Tripoliçe'nin karanlık günlerinde babamdan aldığım bu zamansız mektup, günden güne kötüye giden bu Türk kasabasında belki de tek olumlu hadise olmalıydı. Mektubu, zeytin ağaçlarını selamlayıp vedalaşır gibi ayrılan güneşin son saatlerinde okumaya başladım
İstanbul 22 Haziran 1821
Sevgili oğlum,
Bu mektubu sana olan büyük özlemimiz dolayısıyla kaleme alıyoruz. Uzunca bir süre geçmişti senden bir haber almayalı. Son mektubunun annen ve kardeşinle birlikte okuduk. Heyecan sevinç ve çokça özlem duyuyoruz sana .
Söyleyeceğim o değil. Önceki gün[...]kılığı ve konuşması ile serkeş bir yeniçeri eve geldi ve şuradan buradan konuşurken Zaptiye Çavuşu Şehsuvar Beyi sordu.
-Biz böyle birini hiç duymadığımız gibi tanımadığınızı söyledik ?
-Tripoliçeden ? dedi hırıltılı bir sesle
-Benim oğlum görev yapıyor orada dedim
-Bir kelam edip bir buralara gelmez mi dedi.
Oğlumun Tripoliçe'den ne gün döneceğini bilinmez ki diye devam ettim
Belki seni tanır oğlum bir derdi olmalı diye düşündüm. Yeniçerinin sorularına vermiş olduğum cevaplar onda adeta amansız bir kedere sürüklüyor, derin bir kuyuya düşüşte çaresizce yardım bekleyen bir insanı andırıyordu. Tam bu esnada yine adi şanı bilinmeyen üç insan ismini de sıraladı yeniçeri:
-Sinan Çavuş, Serhenk Kalender ve Dizdar Kemal Efendi ?
Bunlar da kim! Allah'ım dedim.
Biricik Oğlum, henüz gençsin ve dikkatli olmalısın. Korkarım Tripoliçe de senin de bilmediğin ya da bildiğin başka hadiseler de oluyor. Bizler ihtiyarladık. Tek sevincimiz sen ve kardeşinin sağlığı. Bizler eski kafalı insanlar değiliz. Yeniçeri Ocağı’nın lağvedilmesiyle ilgili hadiseyi duymuş olmalısın. Biz de bu tanzim ve plan dahilinde yapılmasını arzuluyoruz. Zira Devleti Âliyye’nin düşmanı pek çoktur. Ayni zamanda haini de...
Yarın sende dünyayı anlar ve baban için taşıdığın bu fikrin ne kadar haklı olduğunu takdir eder ve hak verirsin.
Bunları söylemekten maksadım senin Tripoliçe de görevini tamamlayana kadar son derece dikkatli olman ve tedbirli hareket etmendir.
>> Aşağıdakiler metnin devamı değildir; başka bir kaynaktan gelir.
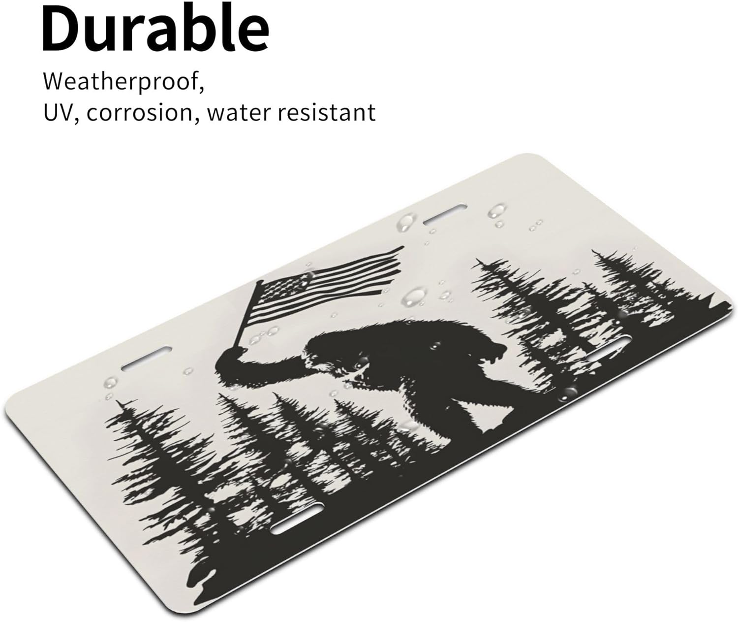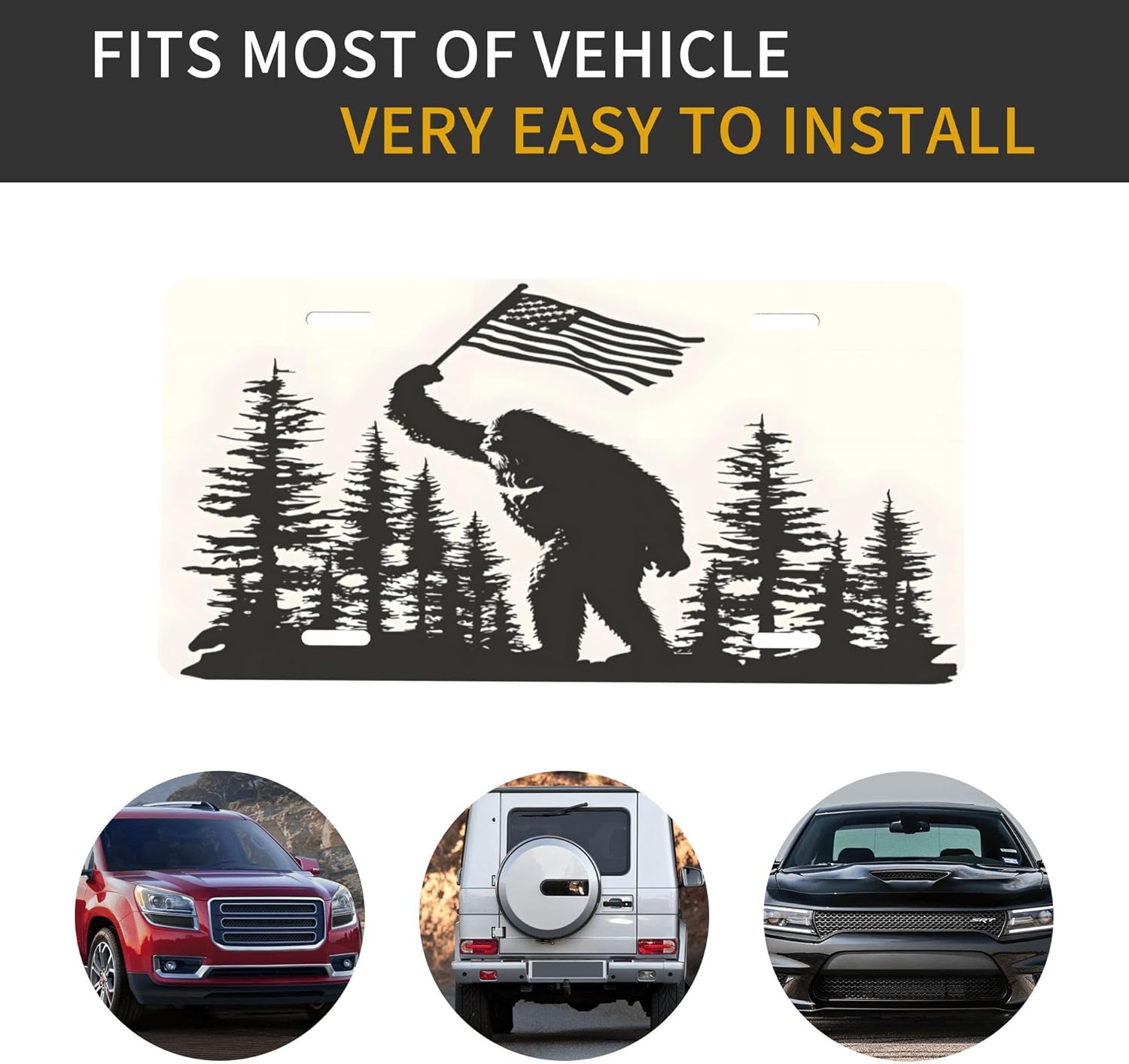 Custom Front License Plate for Car Designs Bigfoot Stainless License Plate Cover Holder for Men Women Metal Aluminum Decorative Accessory Vanity Tag Standard 6 X 12 inch (4 Holes)

Belki de tüm balkan memleketleri bir gün Osmanlılardan ayrılacakları zamanın hayaliyle yaşıyorlar. Oysa Devleti Aliye'nin şefkatli kolları altında mutlu bir yaşam sürüyorlar. Bunu her fırsatta unutuyorlar .
Balkanlardaki haydutluk faaliyetleri İstanbul’a muntazam ulaşıyor. İsyancı güruhun üzerine kılıcıyla adalet ve huzur tesis ediyor.
Annen ve kardeşinin büyük özlem dolu selamıyla gözlerinden öperim.
Baban
...
Mektubu divanı üzerine sessizce bıraktım ve gözlerimden sicim gibi yaşlar dökülmeye başladı. Mektubun içeriğinde babamın da belirttiği adamları henüz bulamamıştım onlar benim ailemi bulmuş olmasının şaşkınlığıyla havlayan huysuz köpeklerin geceye olan öfkesi ortasında dolunayın zeytin ağaçlarına yansıyan parlaklığıyla Tripoliçe'nin akıbetini düşünüyorum.